They got what they paid for, everyone thought that was funny and the kids looked adorable. No harm, right?

Maybe it IS a Wisconsin thing. My wife and I had about 300 guests at our wedding reception 5 years ago and the cost was probably in the low $20k range and that is a fairly normal size wedding around here. I have noticed that when friends in Arizona and Colorado got married it was a very short and low key reception with only hors d’ouevres. Here you’d better have a sit down dinner, an open bar for a few hours, 3 or 4 kegs, and a DJ or a band until at least midnight or it doesn’t count.

What’s included in that cost? My actual, day-of wedding probably cost $3K. With rings and honeymoon, it was closer to $20K. Might that be slanting the numbers?

It helps that the Bride and Groom were dressed as Indiana Jones and Marion. :slight_smile:

In my experience in the southern US, non-wealthy people don’t usually have sit-down dinners at their wedding receptions. We tend to serve cake, punch and finger foods. That cuts down on the cost.

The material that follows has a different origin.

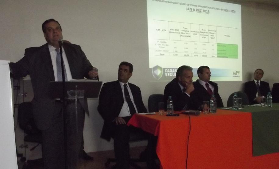 Foram apresentadas as principais ações colocadas em prática nos últimos três anos, na área da Segurança Pública, como reestruturação dos efetivos policiais, aquisição de novas viaturas, grandes apreensões de drogas e redução do índice de homicídios dolosos, que é o indicador utilizado mundialmente para medir a eficiência e a eficácia na área da segurança. “Na nossa gestão, metas são traçadas e são cobradas”, afirmou o secretário.

If you’re Baptist or Methodist or belong to a similarly stuffy denomination, you probably don’t have an open bar at your reception, which also cuts down on the cost.

My mom has offered me 5k. I said that I’d be willing to pay someone else 5k not to have to go through a wedding. I hate parties. And people. And having to dress up special. If the time comes, my partner better not mind eloping, because I’m not having it any other way.

I’m a chick, BTW.

This was me. I’d count it because I think more people do it on the cheap than do the whole big shebang. Lavish weddings aren’t even always off the table because of cost. We wouldn’t have had a big one if we had a million bucks to spend on it because we aren’t “that couple.”

Yep - most of the weddings I went to growing up were at church and if the reception was also at church, no alcohol and no dancing (so no DJ/band costs either). For us, those were not “wrong” as much as church was not the appropriate place for either of those activities for that congregation. Occasionally, people moved the reception to somewhere else, which obviously upped the costs of everything.

As someone who has a fair number of relatives in Wisconsin and is going to a wedding in Wisconsin in a few weeks, I don’t think it’s a Wisconsin thing. Obviously I’m only one person, but all the WI weddings I’ve been to have been casual and inexpensive.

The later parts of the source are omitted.